Let’s explore how to ferment nutrient-rich veggies with the right salt ratio, an easy process, and tasty results!
Getting Started: The Essential Fermentation Ratio 🍃
☝️ The success of fermentation depends on using the correct amount of salt. The general recommendation is a 2-3 % brine solution, which means:
20 grams (about 1 tablespoon) of salt per 1 litre (4 cups) of water.
Alternatively, if dry-salting (massaging salt into the vegetables), use 2% of the vegetable's weight in salt.
Why Salt Matters: 🍃
Salt inhibits harmful bacteria while allowing beneficial lactic acid bacteria to thrive.
It helps draw water out of the vegetables, creating an oxygen-free (anaerobic) environment essential for proper fermentation.
It enhances texture, keeping vegetables crisp.
Use sea salt or Himalayan salt instead of iodized salt, which can hinder bacterial growth.
With the right salt ratio, you can ferment various vegetables for different flavours and textures.
Ingredients: 🍃
Base Vegetables: Cabbages (green, red & white), cauliflower, carrots, spring onion, radish, choi sum, cucumber.
Flavour Enhancers: Garlic, onion, ginger, chilli flakes or any preference.
Preparation: 🍃
Before starting, ensure all jars, lids, and utensils are thoroughly cleaned with hot water and soap. You can also rinse them with boiling water or use a sterilizing solution to prevent unwanted bacteria from interfering with the fermentation process.
Wash the vegetables with filtered or non-chlorinated water to avoid chlorine, which can disrupt fermentation.

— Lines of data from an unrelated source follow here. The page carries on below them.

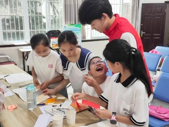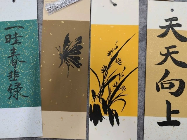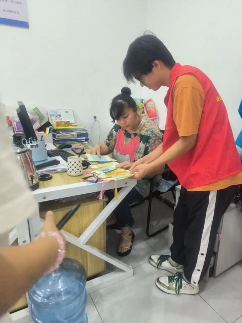 7月8日,小队成员来到中大街社区,给社区中暑假托管的孩子们讲解书法与国画,分发孩子们喜欢的书签。尽管接近下课时分,但孩子们仍对书签上行云流水的字和活泼灵动的画有着浓厚的兴趣和向往。这也许仅是一个普通的国画宣扬活动,但也给孩子们幼小的心灵种下了一颗喜爱传统书画的种子。
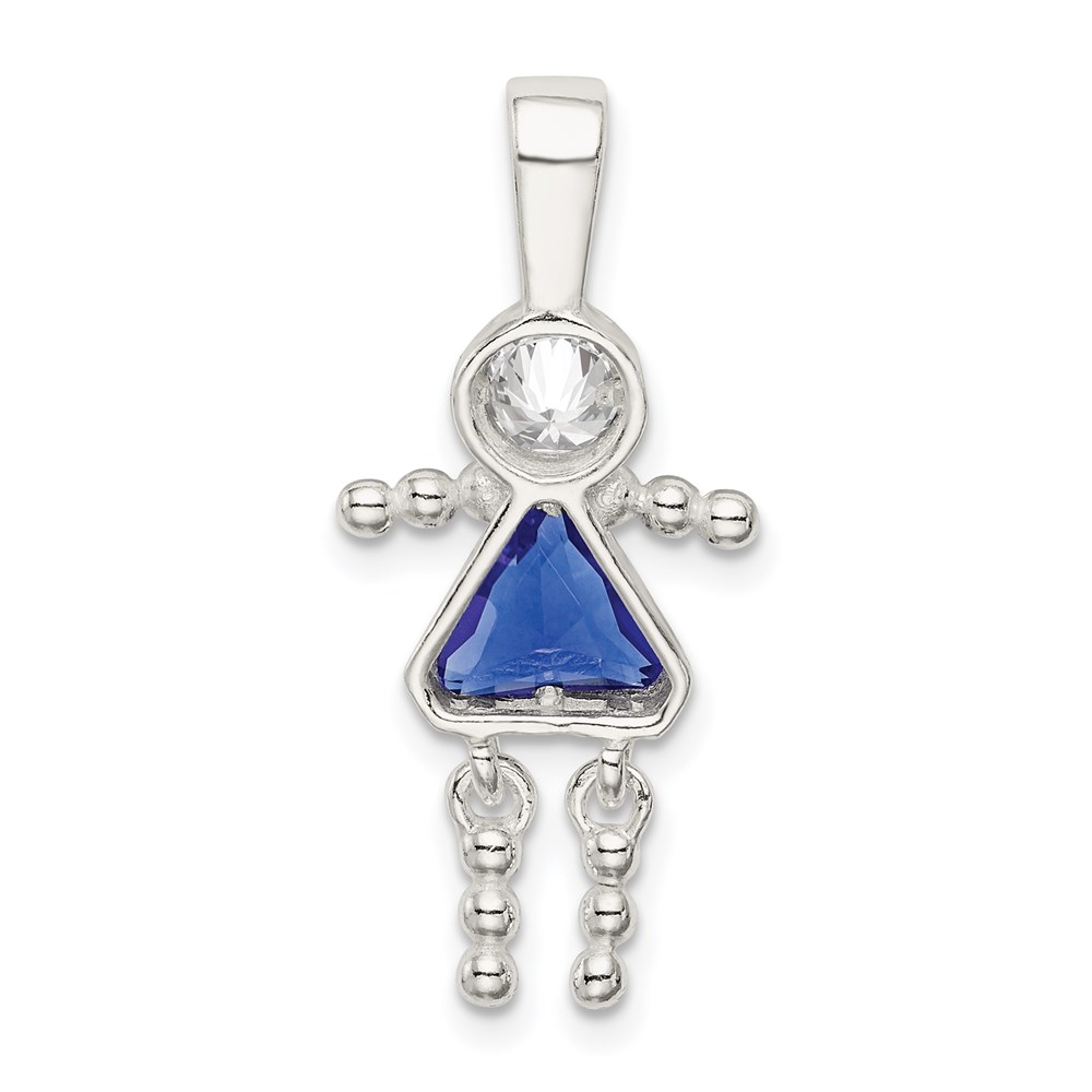 Sterling Silver Rhodium-plated CZ & September Glass Girl Pendant
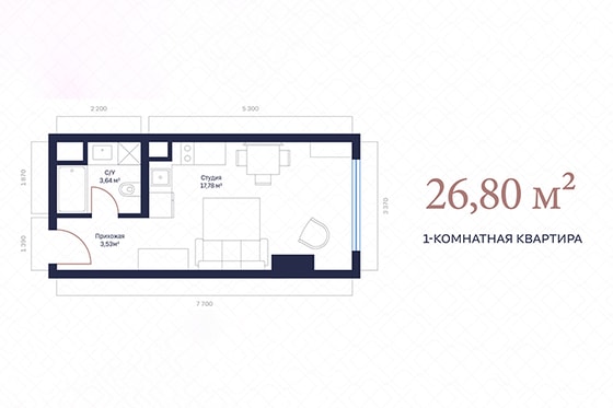 На данный момент в проекте остались 10 ликвидных студий площадью 26,8 м².

Chop or shred vegetables based on texture preference. For a crunchy mix, cut into bite-sized chunks; for a softer ferment, shred thinly.
Fermentation Methods: 🍃
👉 Brining Method (Best for Hard Vegetables Like Carrots & Cauliflower)

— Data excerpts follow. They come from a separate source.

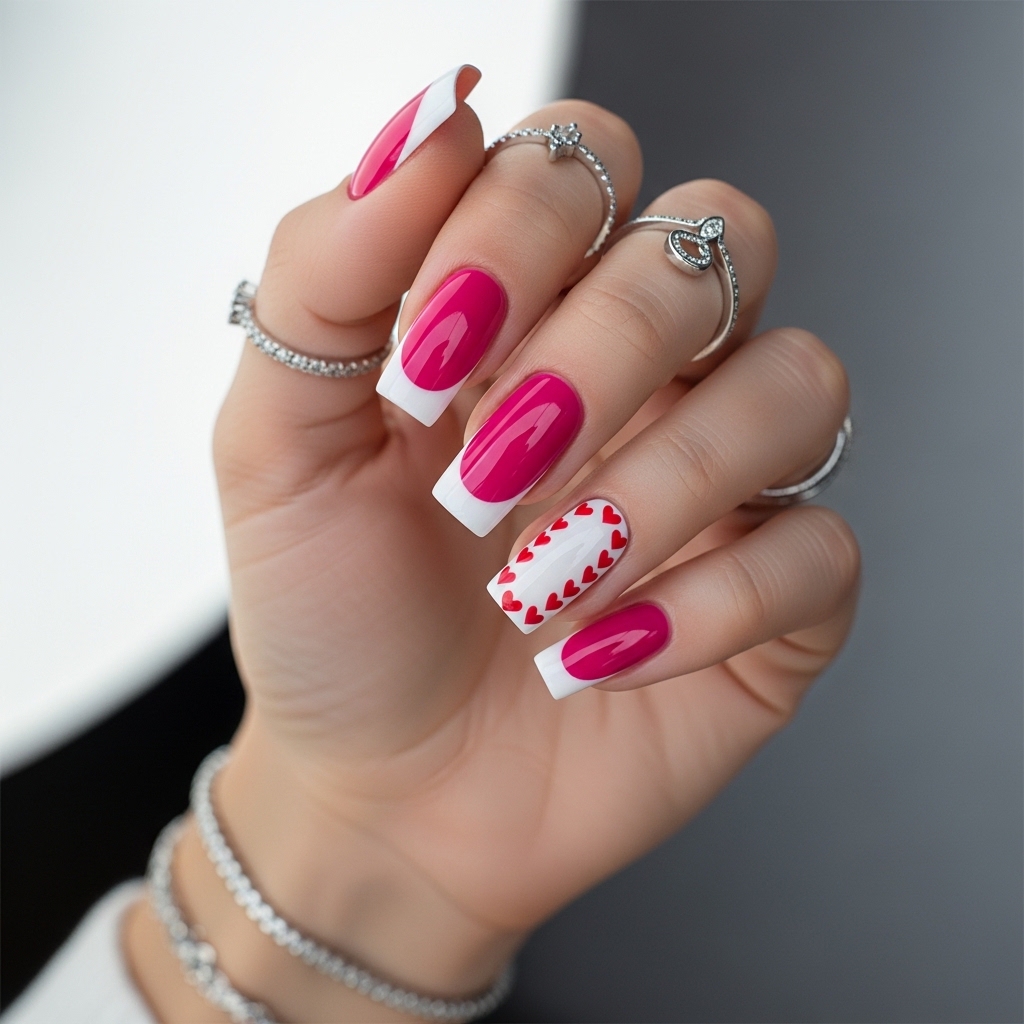 This playful twist on a classic French manicure feels polished enough for daytime settings while still embracing Valentine flair. The square shape adds structure and practicality, making it easy to wear daily. The vibrant contrast between fuchsia and white keeps the design fresh and eye catching.
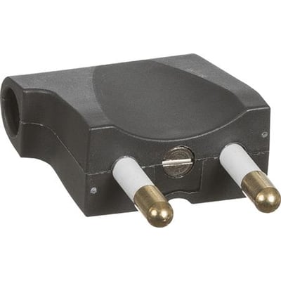 Vinklet hanstik 250V flad, uden jord. Til montage på ledning, passer til runde hunstik. Med labyrintaflastning.
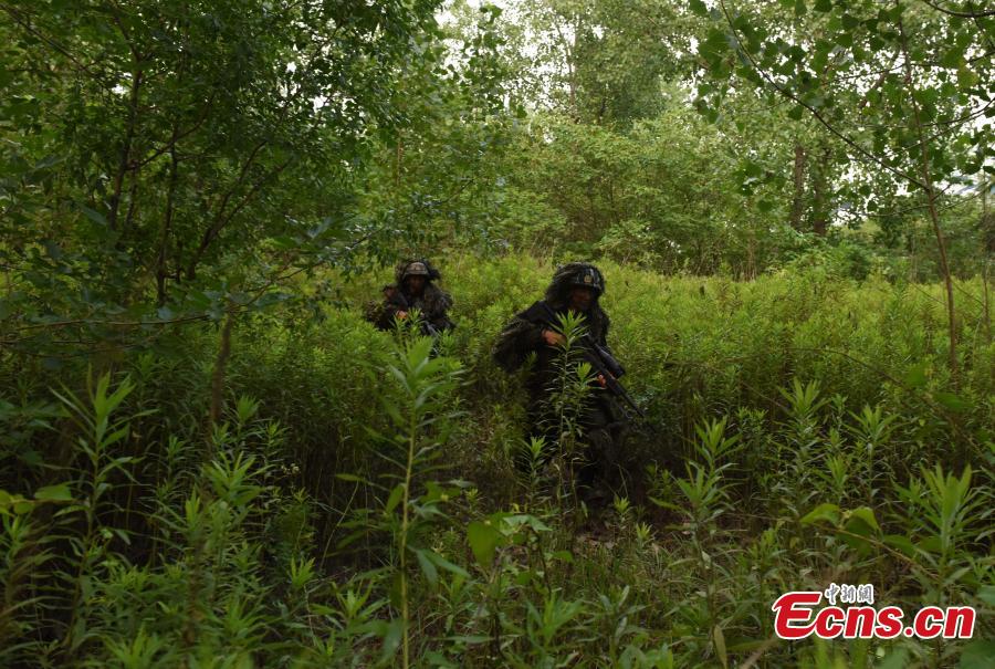 Armed police snipers undergo training in an open field in Anhui Province, June 25, 2019. (Photo: China News Service/Xu Wei)
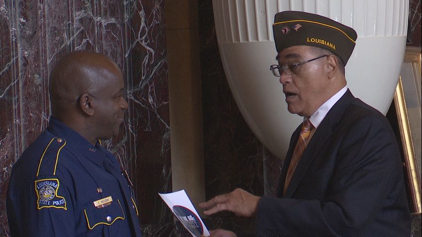 At the Capitol, a display highlighting Louisiana veterans was set up in Memorial Hall. Among those names was 104-year-old Elmo Sholes, a Morganza native who served in World War II.
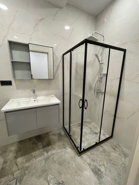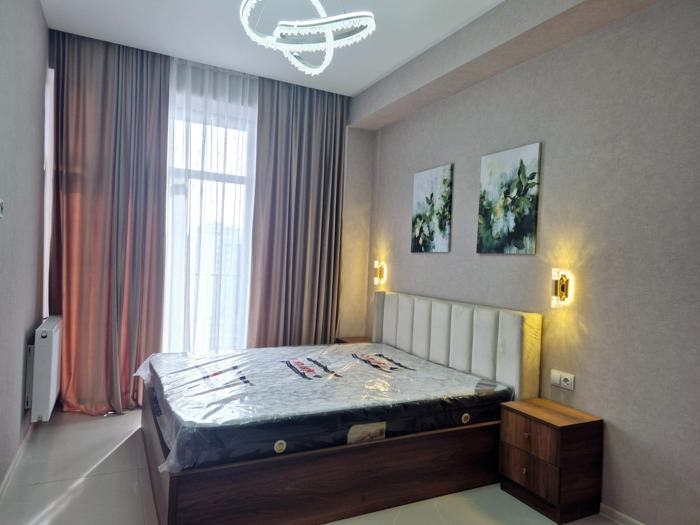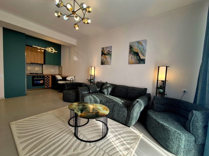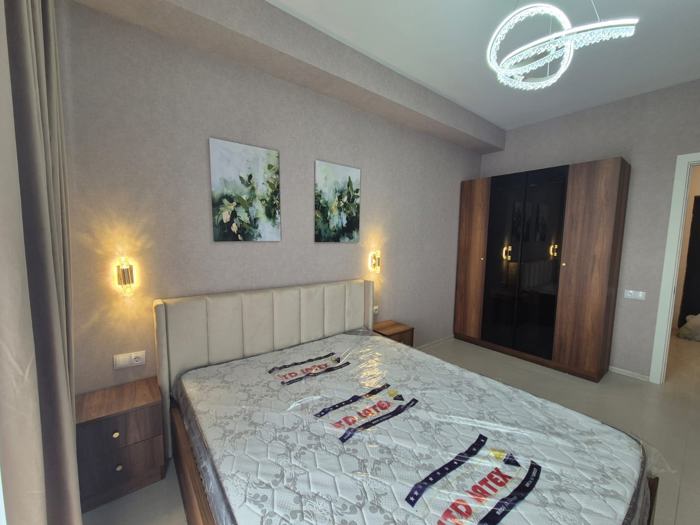 For sale: newly built apartment in a delivered building (sole). The apartment is newly renovated with premium quality materials. Furnished, with appliances. The building has 2 entrances and 2 elevators. Equipped with fire safety systems. With cameras. 100 parking spaces are allocated for residents + underground parking.
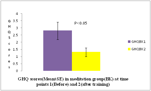 The results of our follow up studies revealed beneficial effect of Brahmkumari’s Rajyoga relaxation training. While the control group (C1 to C2) exhibited significant stress revealed through increase in systolic blood pressure response to cold with passage of time and application of stressor (Figure 6), the Rajyoga meditation group (BK) revealed decrease in the CPR parameters and improvement in GHQ scores (Figure 7) (Figure 8) indicating better handling of stress. The individual data also revealed improvement with Brahmkumari way of Rajyoga meditation (Tables 1–4).

Dissolve 2% salt in water and fully submerge vegetables in the brine.
Use a fermentation weight or a clean jar filled with water to keep vegetables submerged to prevent mould by creating an oxygen-free (anaerobic) environment, which is essential for lacto-fermentation.
👉Dry Salting Method (Best for Softer Vegetables Like Cabbage & Cucumber)
Sprinkle salt directly onto shredded vegetables and massage well until they release their own brine.
Add any flavour enhancer or spices you prefer.
then pack tightly into a jar, and push with a spoon to submerge on its brine.
Fermentation & Storage: 🍃
👉Seal and Ferment: Cover the jar with a loose-fitting lid or airlock system to allow gas to escape. If using a tight seal, burp the jar once or twice a day during peak fermentation. Dont forget to label and date.
Ideal Temperature: Keep at 18–22°C (64–72°F) for optimal bacterial activity.
👉Wait & Taste: Start tasting after 3-5 days. The longer it ferments the tangier and more complex the flavour. Some ferments reach peak flavour in 1-2 weeks.
👉Refrigerate once the desired taste is reached to slow fermentation.
Why Fermented Foods Are So Beneficial 🍃
👉Boosts Gut Health: Rich in probiotics, fermented vegetables help maintain a balanced gut microbiome, which supports digestion and immunity. study
Research
👉Increases Nutrient Bioavailability: Fermentation breaks down anti-nutrients like phytic acid, making vitamins and minerals easier for the body to absorb. Research
👉Enhances Flavor: Natural acids and enzymes create deep, tangy flavours that elevate any meal.
👉Supports Mental Health: The gut-brain connection means a healthy gut can positively impact mood and cognitive function. Research
Ways to Enjoy Fermented Vegetables: 🍃
As a side dish with rice, noodles or chips.
As a crunchy topping for tacos or sandwiches
With fried or roasted meats or fish
Mixed into salads for a tangy twist
Added to soups for a flavorful probiotic boost
Fermenting is Fun, Easy, and Worth It! 🍃
Fermenting vegetables at home is simple, rewarding, and an incredible way to boost your gut health. With just salt, water, and time, you can create flavourful, probiotic-rich foods that are both nutritious and delicious.
Whether you’re making a spicy kimchi-style blend or a crunchy radish-cucumber pickle.
or a savoury fermented cauliflower mix. The possibilities are endless!
So, grab your veggies, mix, match, and start fermenting today!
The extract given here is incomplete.